**Entries provided**
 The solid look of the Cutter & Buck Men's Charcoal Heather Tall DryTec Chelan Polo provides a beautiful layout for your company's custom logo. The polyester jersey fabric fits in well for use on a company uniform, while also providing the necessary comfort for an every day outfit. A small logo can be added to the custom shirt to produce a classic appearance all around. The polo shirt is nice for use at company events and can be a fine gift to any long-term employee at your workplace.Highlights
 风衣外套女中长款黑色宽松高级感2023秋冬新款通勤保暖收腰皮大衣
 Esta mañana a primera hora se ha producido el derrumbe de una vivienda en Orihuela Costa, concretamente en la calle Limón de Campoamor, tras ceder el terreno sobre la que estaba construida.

* * *

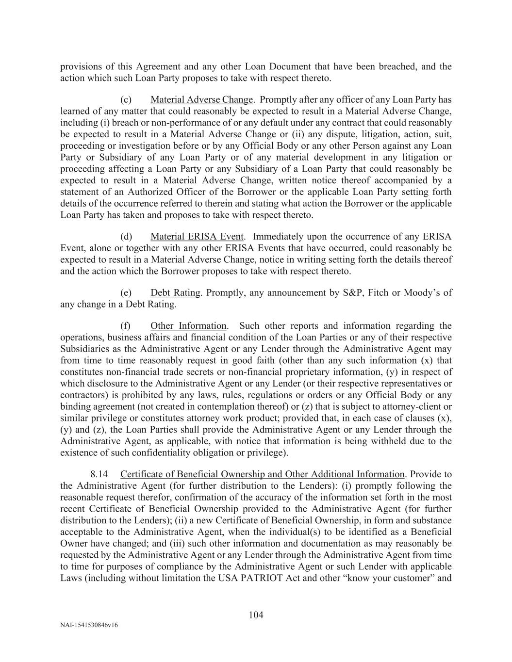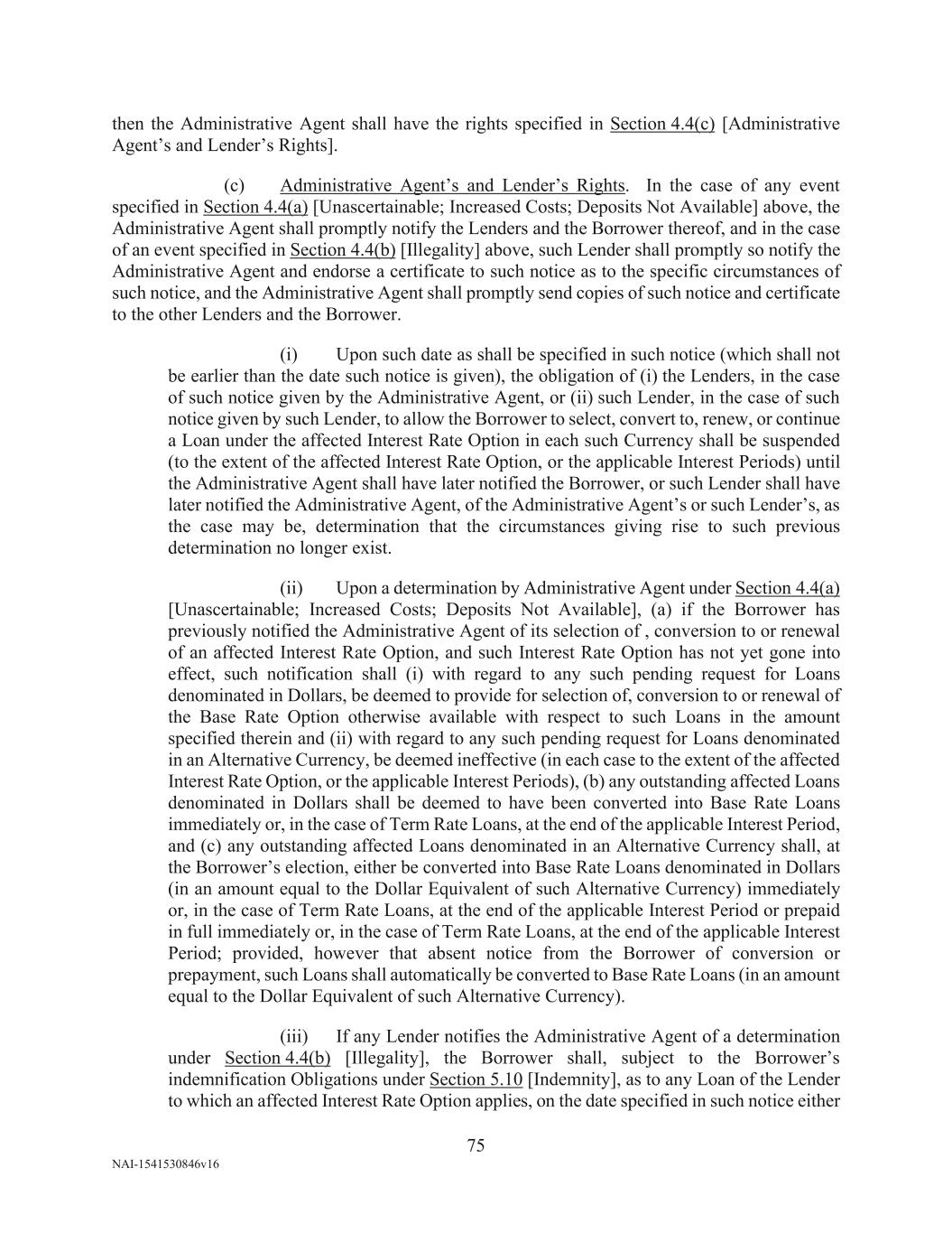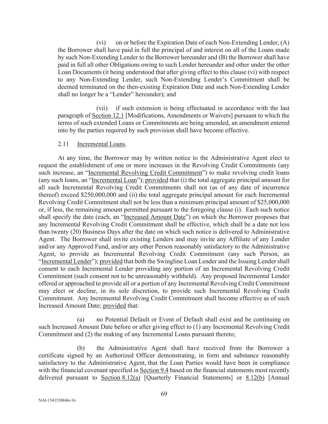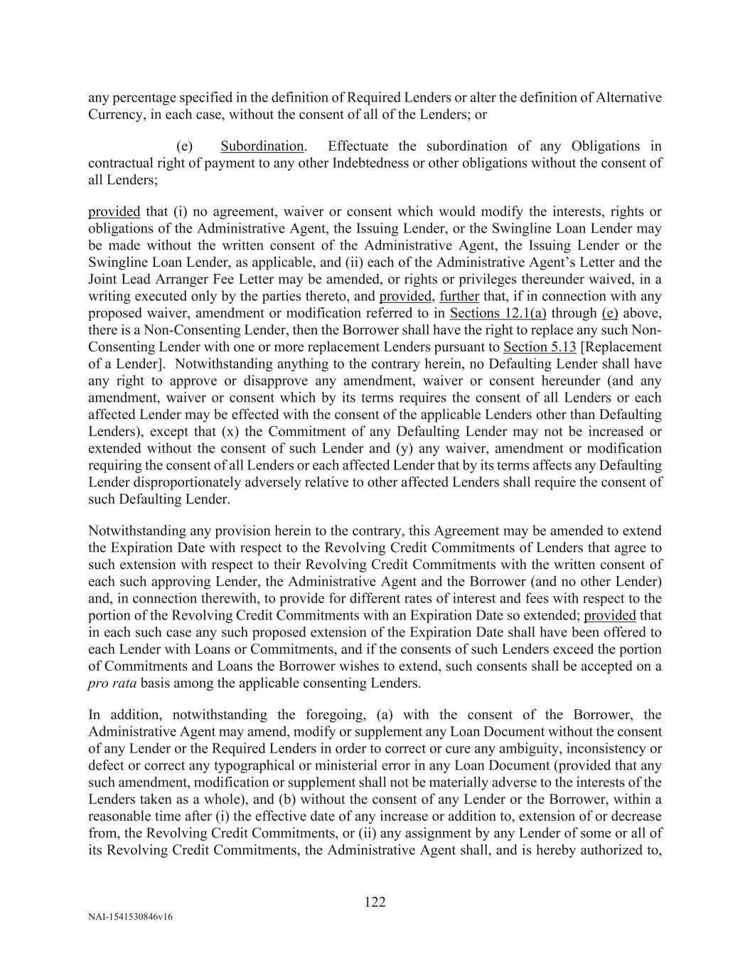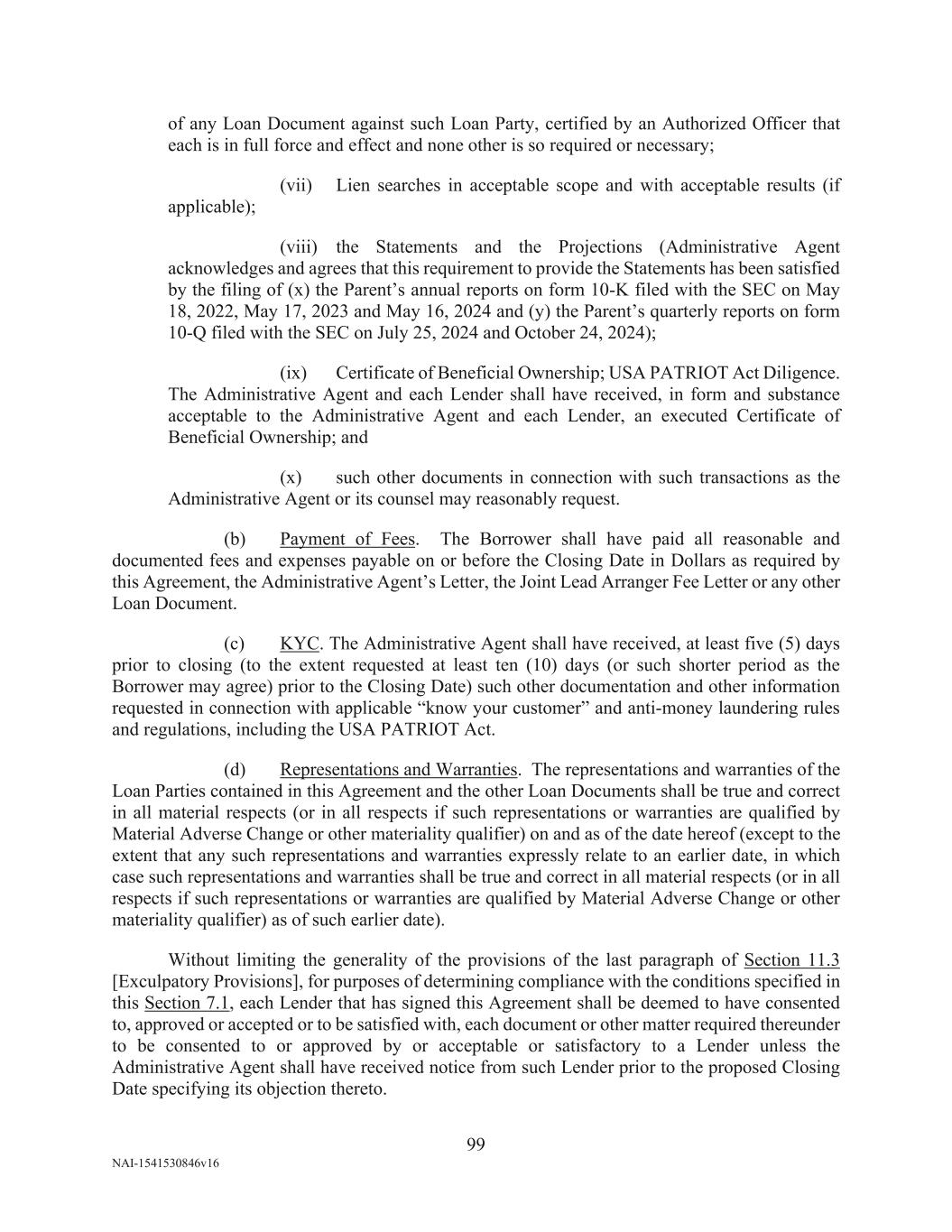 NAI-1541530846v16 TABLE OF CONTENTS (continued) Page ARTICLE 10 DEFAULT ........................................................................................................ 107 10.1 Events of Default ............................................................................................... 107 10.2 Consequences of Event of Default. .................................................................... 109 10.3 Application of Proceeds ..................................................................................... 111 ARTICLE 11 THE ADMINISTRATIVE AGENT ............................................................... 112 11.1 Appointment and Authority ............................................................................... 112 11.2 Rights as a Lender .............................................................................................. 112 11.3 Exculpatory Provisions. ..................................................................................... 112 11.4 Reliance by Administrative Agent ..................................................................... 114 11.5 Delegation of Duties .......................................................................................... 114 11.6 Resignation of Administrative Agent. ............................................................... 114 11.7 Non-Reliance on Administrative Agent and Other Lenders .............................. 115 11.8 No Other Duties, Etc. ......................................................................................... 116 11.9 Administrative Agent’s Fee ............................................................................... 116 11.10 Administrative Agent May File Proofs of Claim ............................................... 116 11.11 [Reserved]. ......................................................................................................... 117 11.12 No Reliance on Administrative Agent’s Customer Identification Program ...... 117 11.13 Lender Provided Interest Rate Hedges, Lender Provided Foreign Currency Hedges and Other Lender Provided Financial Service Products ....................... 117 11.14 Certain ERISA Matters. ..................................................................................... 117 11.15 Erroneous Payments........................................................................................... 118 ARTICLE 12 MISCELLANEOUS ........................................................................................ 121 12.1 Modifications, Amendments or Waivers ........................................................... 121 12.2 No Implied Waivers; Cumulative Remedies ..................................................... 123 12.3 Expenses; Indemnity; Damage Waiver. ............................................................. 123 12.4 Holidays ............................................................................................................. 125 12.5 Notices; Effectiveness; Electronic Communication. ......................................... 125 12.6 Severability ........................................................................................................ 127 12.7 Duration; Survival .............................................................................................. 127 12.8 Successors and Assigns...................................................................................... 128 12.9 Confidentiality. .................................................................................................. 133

**Exercise**
Please, from the material above, copy only the lines from the line with "风衣外套女中长款黑色宽松高级感2023秋冬新款通勤保暖收腰皮大衣" up to and including the line with "Esta mañana a", exactly as written.

**Result of this task**
 风衣外套女中长款黑色宽松高级感2023秋冬新款通勤保暖收腰皮大衣
 Esta mañana a primera hora se ha producido el derrumbe de una vivienda en Orihuela Costa, concretamente en la calle Limón de Campoamor, tras ceder el terreno sobre la que estaba construida.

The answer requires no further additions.